Age Group | Strongly Agree | Agree | Disagree | Strongly Disagree |
20s | 0 | 4 | 0 | 0 |
30s | 0 | 1 | 1 | 0 |
40s | 0 | 3 | 2 | 0 |
50s | 0 | 6 | 6 | 0 |
60s | 2 | 9 | 6 | 0 |
70s | 3 | 21 | 10 | 0 |
80 and higher | 2 | 2 | 2 | 0 |
Total | 7 | 46 | 27 | 0 |
Next, we conducted an investigation to see whether multimedia composites are captioned. We searched through the internet for multimedia composites, and found that out of 100 composites, only 21 were adequately captioned, 1 merely provided transcript text. (Conditions were web sites free of charge, max of 5 composites per domain.) It seems that the main reason for this low rate of captioning is due to the high labor costs. There are several approaches for captioning, but here we focus on using speech recognition technology. Unfortunately the voice recognition accuracy rate is still not 100%, and therefore there is still a need for an effective caption editing system to correct the errors.

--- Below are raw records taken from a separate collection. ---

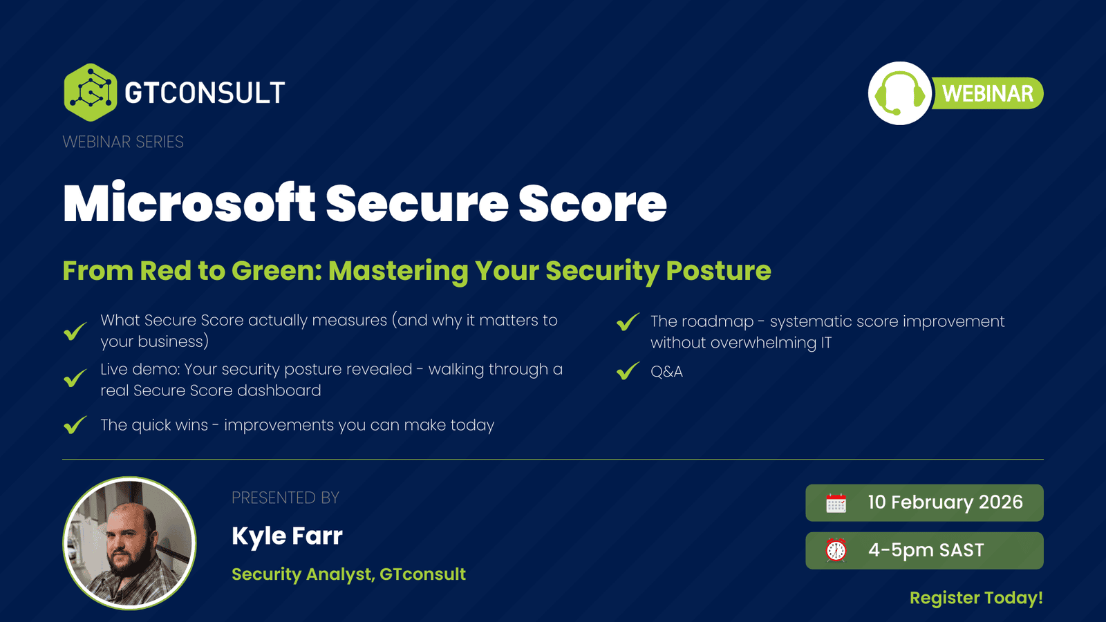 Most IT teams check their Secure Score, feel stressed, and move on. This session changes that. Join Kyle Farr for a live walkthrough of a real Secure Score dashboard, learn which improvements deliver the most impact with the least disruption, and leave with a practical roadmap for meaningful security progress—without overwhelming your team.
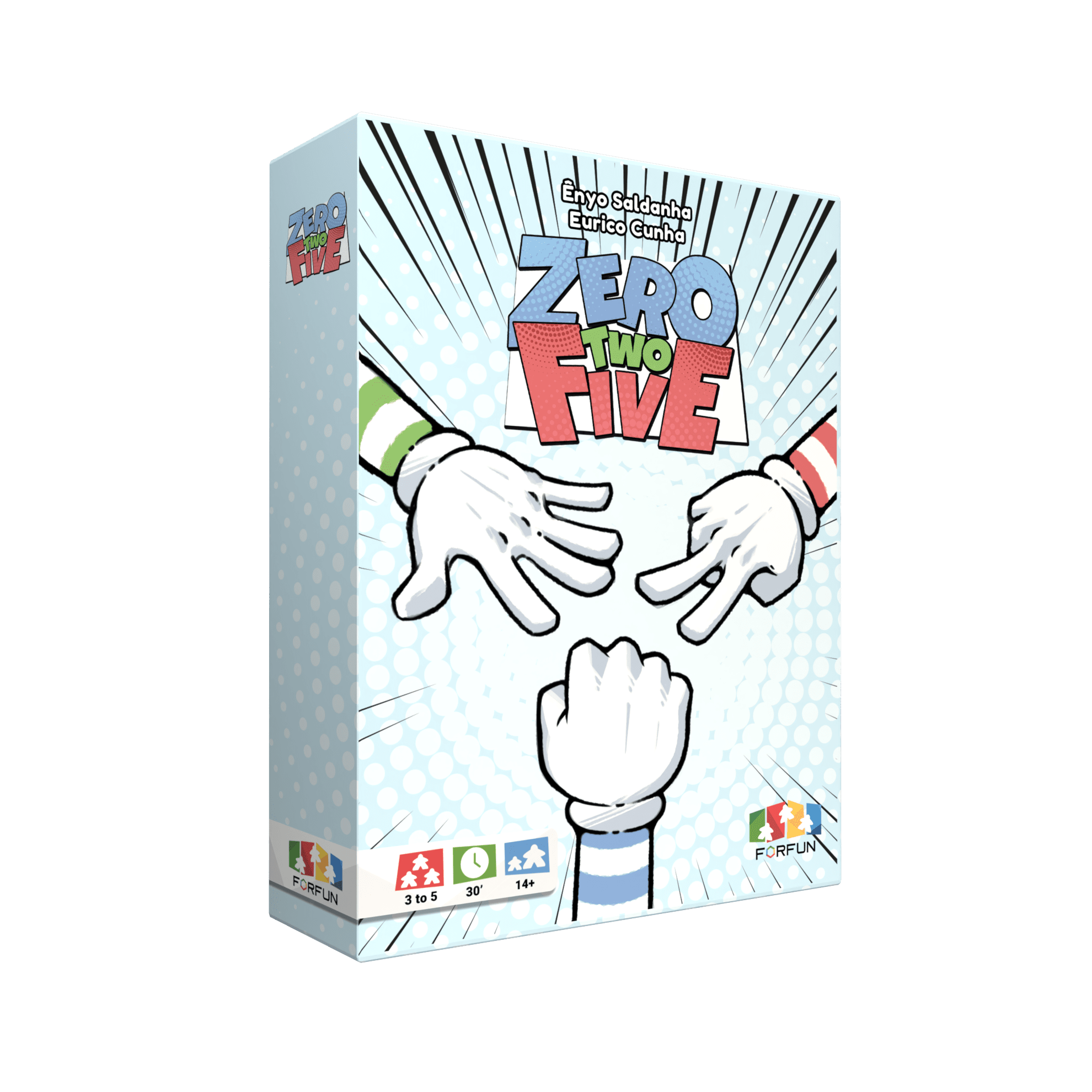Zero Two Five is a card game in which your objective is to win 0, 2 or 5 tricks(the numbers represented by Rock, Scissors and Paper respectively). The first player to get three score tokens or the player who gets the most points is the winner.
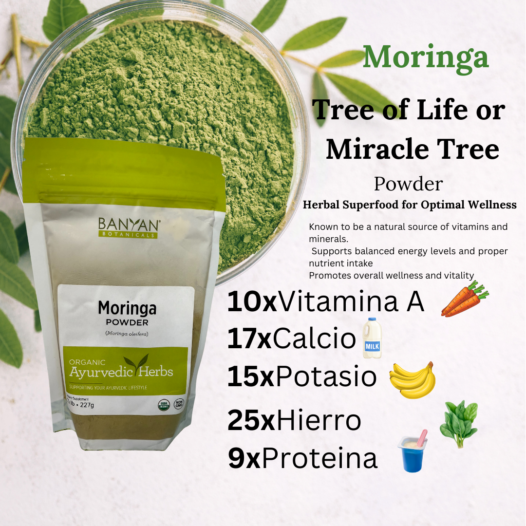 Moringa, also known as the Tree of Life or Miracle Tree, is a Herbal Superfood for Optimal Wellness. It is a natural source of vitamins and minerals, supports balanced energy levels and proper nutrient intake, and promotes overall wellness and vitality.
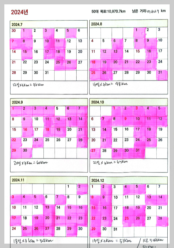 2024년 한 해를 뛰고, 올해 8월까지 총 20개월을 뛴 거리를 대략 합치니 1,308km이다. 12% 정도 달성한 것이다.
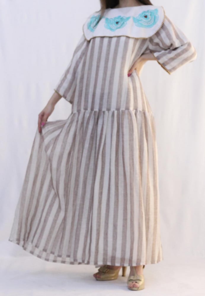 جلابية مميزة بياقة بيج مطرزة
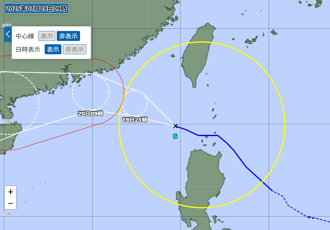 根據日本氣象廳觀測,薇帕19日上午9時位於南海(北緯19.9度,東經119.7度),以時速20公里的速度往西北西方移動。目前中心氣壓為985百帕,近中心最大風速每秒23公尺,瞬間最大陣風每秒35公尺。而風速15 m/s以上的強風域則涵蓋東側650公里、西側330公里。
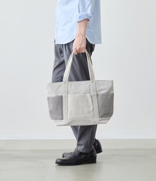 織布技術を追求してきた帆布工場が、織り方だけで表情に違いを作った遊び心のあるバッグです。
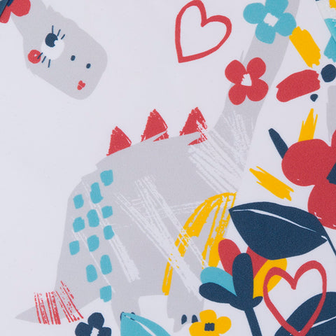 Costume intero della Linea Abbigliamento Bambina Tuc Tuc con stampa multicolor di dinosauro e voillant sulle bretelline.
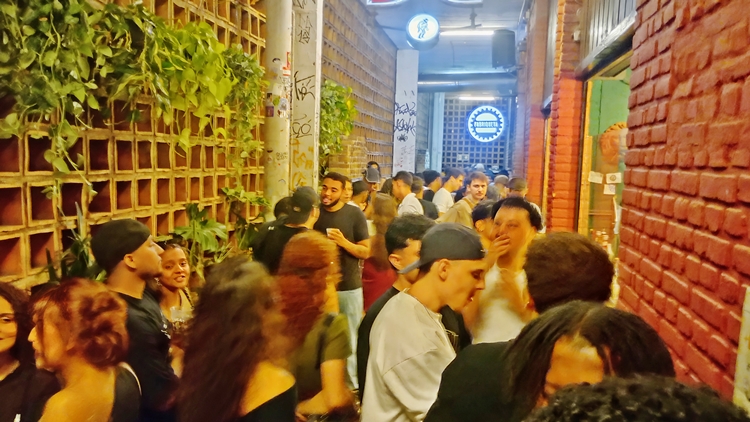 celebração urbana, com bares lotados, música ao
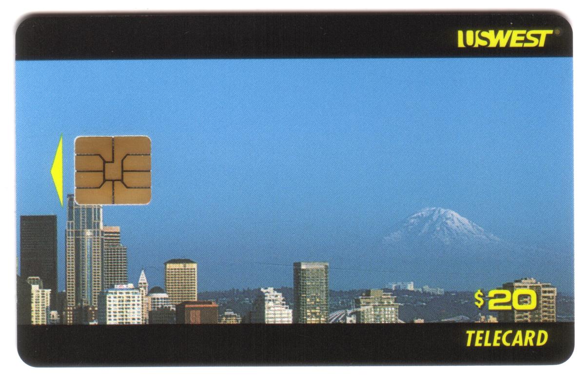 The third card, valued at $20, depicts Seattle’s cityscape with Mount Rainier visible in the background. This card highlights downtown Seattle’s high-rise buildings with Mount Rainier’s snow-capped peak rising above the horizon. The "US WEST" brand name is placed at the top right, with "$20" and "TELECARD" printed in yellow at the bottom right.
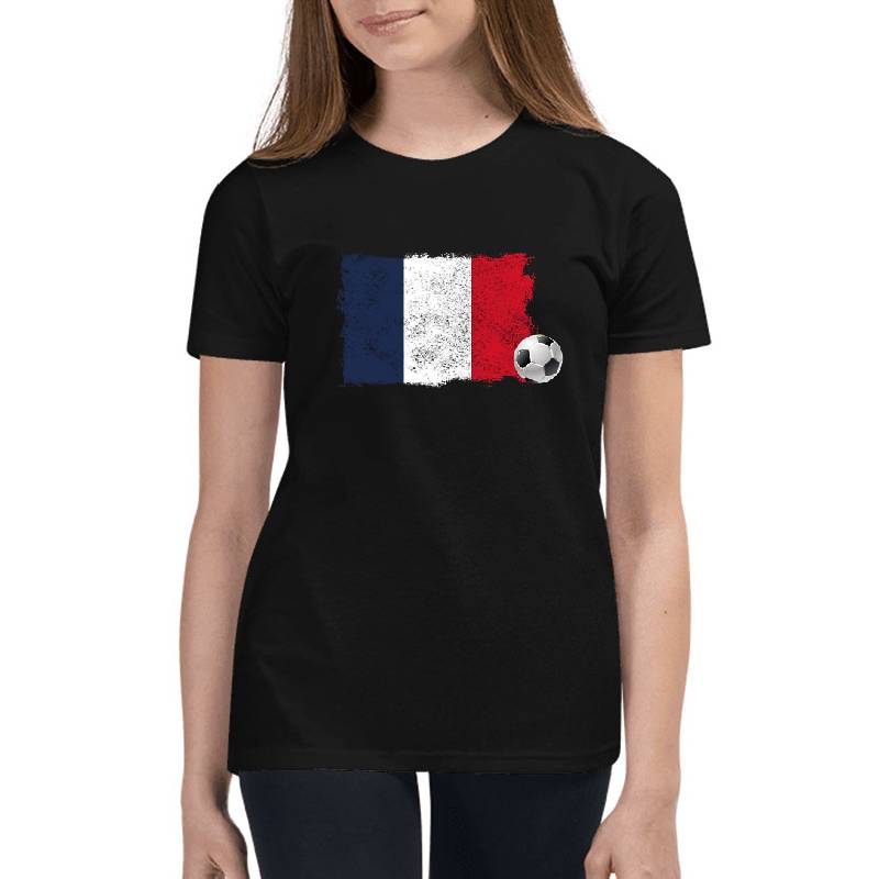 French flag football, France design artwork printed on Youth T-Shirt with latest DTF technology. Our new management team will place serving you. We offer best online shopping experience to our customers with 30 days return and exchange policy. Shop with confidence at T-funny.com

The conclusion of our preliminary survey and investigation is that in order to reduce the costs of captioning content with audio and presentation slides, there is a strong need for an effective caption editing tool. The presentation slides are mostly created by commercial presentation software. In this paper, we focus on a speech recognition error correction system which integrates a caption editing system with presentation software.
3. Problems and Apparatus
Based on the preliminary survey and investigation, we investigated the available caption editing tools that generate captions from audio, and identified 3 major problems. The three major problems between CES and presentation software were identified as “Content Layout Definitions”, “Editing Focus Linkage”, and “Exporting to Speaker Notes”. To address these problems, we extended our Caption Editing System (CES) to integrate it with Microsoft PowerPoint, creating our new Caption Editing System with Presentation Integration (CESPI). The architecture in terms of code interface is shown in Figure 5.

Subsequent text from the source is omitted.